I got an actual binder 3 weeks ago. It feels like 3 months ago. Or more. I’ve tried to describe to Gail what it feels like to wear and I keep failing, but if I don’t write this now, I’ll forget completely what it felt like at first. Already it feels normal, and mere moments ago it didn’t. But it’s so hard about this, like words or coherent thoughts, or anything that makes the slightest bit of sense is available only in glimpses. And yet this is taking up so much space in my head and my heart, so much space in our relationship (though thankfully, that seems to be mostly in good ways. It’s like Gail and I are falling in love all over again). I feel like I’m living in this thick fog. When I focus on what feels good or amazing or relieving, I’m fine, but when I look up, or try to think very hard, or god forbid actually try to get some work done, everything feels so heavy, dense, and yes, frightening.
I swear I don’t/didn’t hate my breasts. I don’t necessarily love them, but I don’t hate them. I mostly liked them fine when I was nursing. They never felt all that sexual to me. I never wished them away completely, nor did I ever wish they were bigger or nicer or anything else. I’d say my relationship with them was one of ambivalence. I’m stuck with them. There they are. They could definitely be worse.
But I get such a charge out of binding, out of making them (mostly) disappear. It’s hard to pin down, but it’s like I was kind of dead or numb before and didn’t know, but now I actually feel this part of my body. Like if I look in the mirror it just looks right. If I have the binder on and GAil runs her hands down my chest like there were never breasts there at all, I love it. I feel like that’s how I want to be touched, how I want to be seen. Where before I just kind of didn’t care, now I really care, and really like it. It’s a presence of (good) feeling where before there was absence of feeling. Yes, breathing is a little harder, and yes it gets uncomfortable after a long day, and yes, I’m still working to figure out something that fits a bit better, but I barely even notice all that.

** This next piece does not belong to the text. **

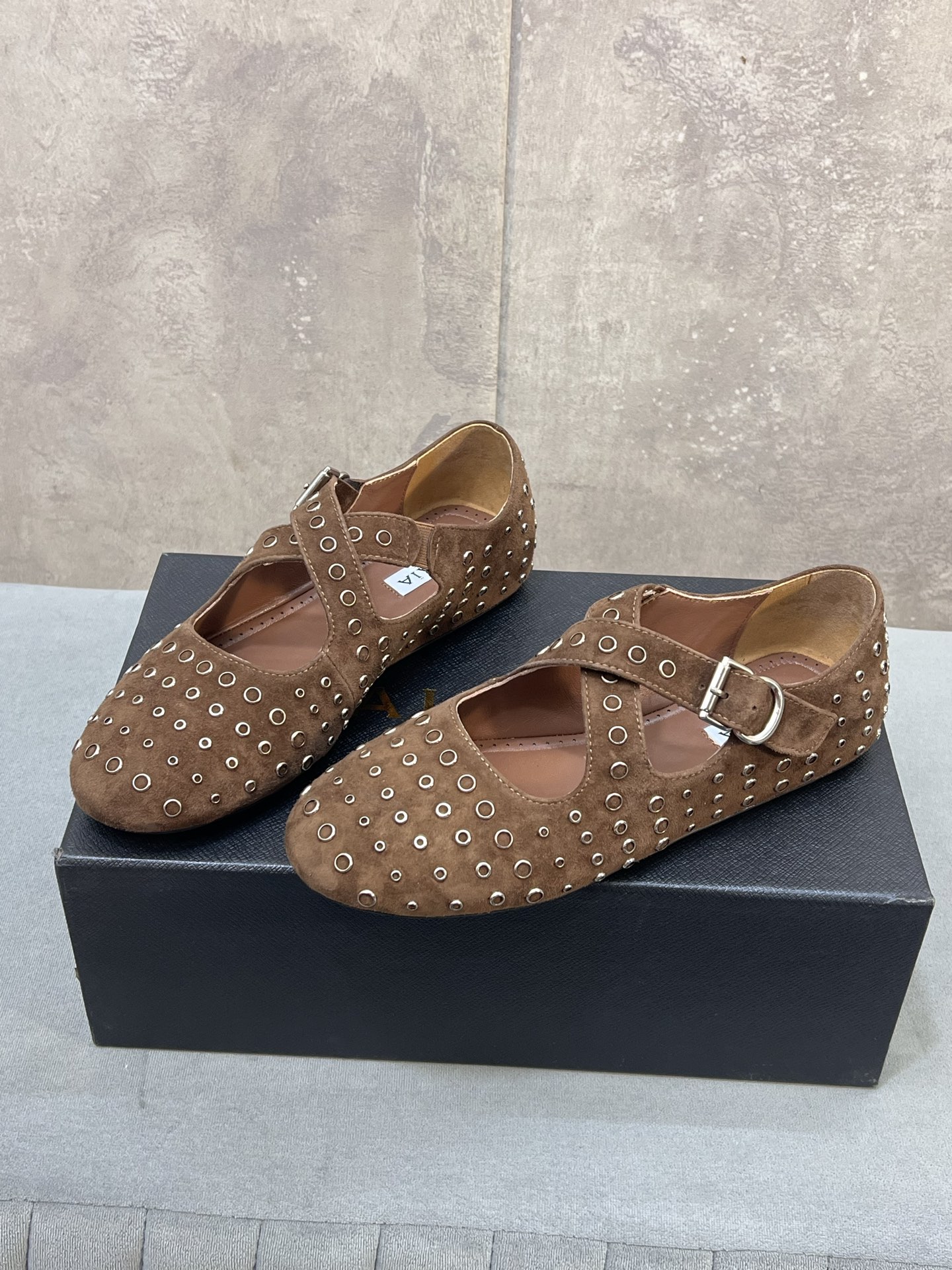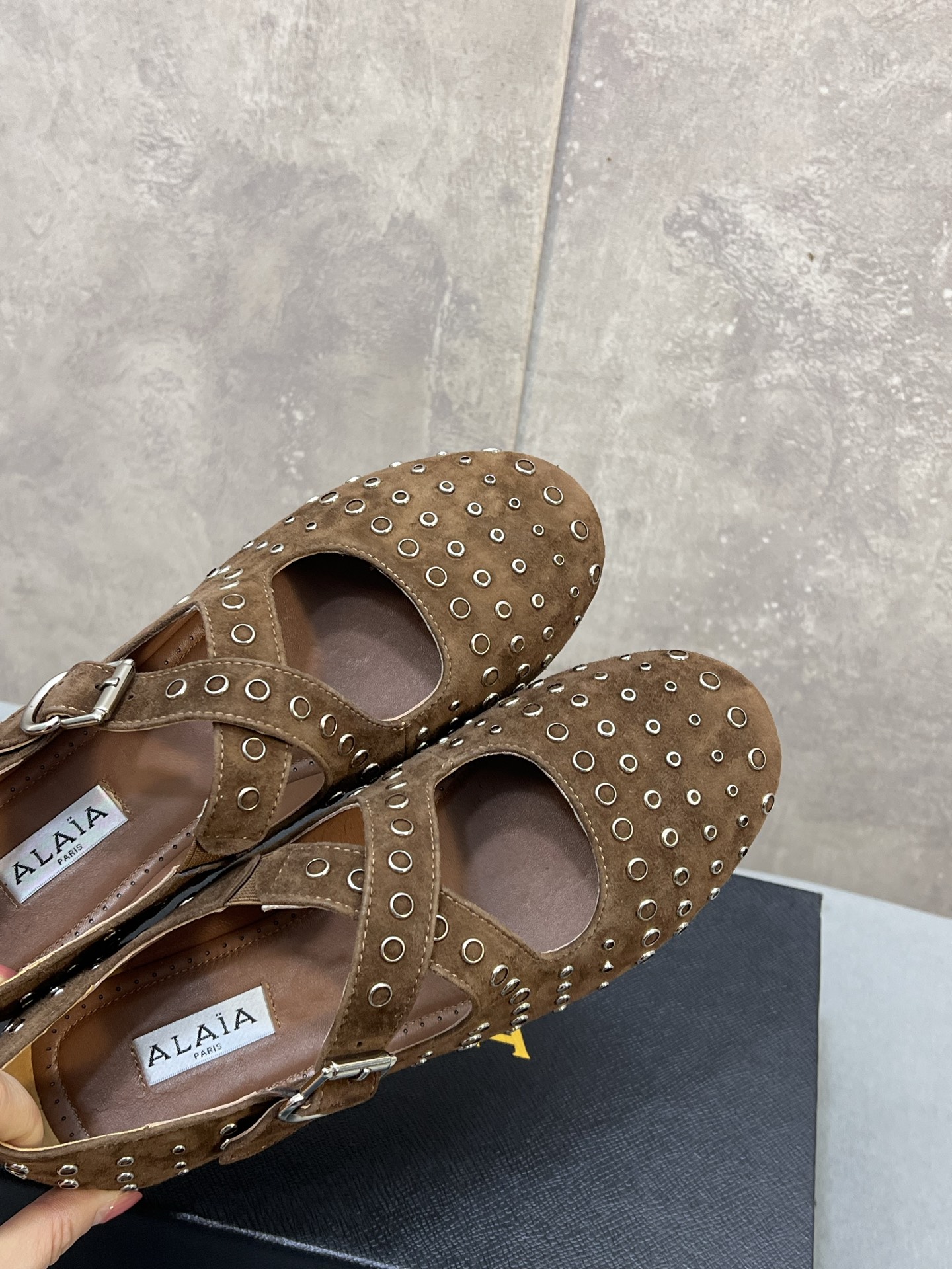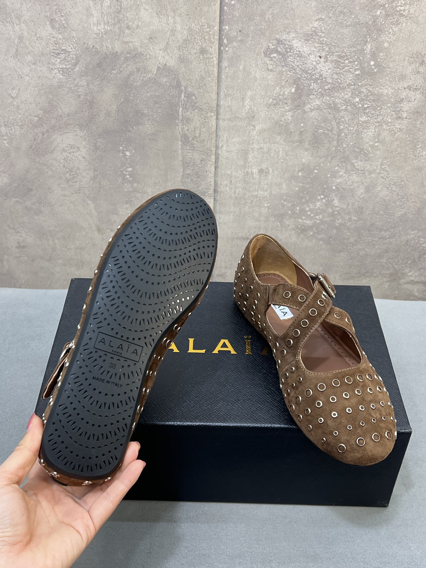 这款鞋子是AAAAA 1:1 质量 (非常棒). 使用了和原版一模一样的材料. 商标部分也保持了和Alaia一样. 图片拍摄是实物鞋子拍摄, 您所收到的实物保证和我们图片一模一样.

But if this feels so strong right now, how did I miss it for so long? Is denial that powerful or does that fact alone, that binding didn’t dawn on me as a possibility until age 34, mean I’m making this all up? And I keep thinking maybe this is just regular. That maybe not many people think to try it, but that actually anyone would feel this way. Gail has offered to try, but claims the very idea is somewhat horrifying, which doesn’t exactly bolster my case that “anyone would feel this way.” Even in the haze, I can tell that last argument is pretty sketchy.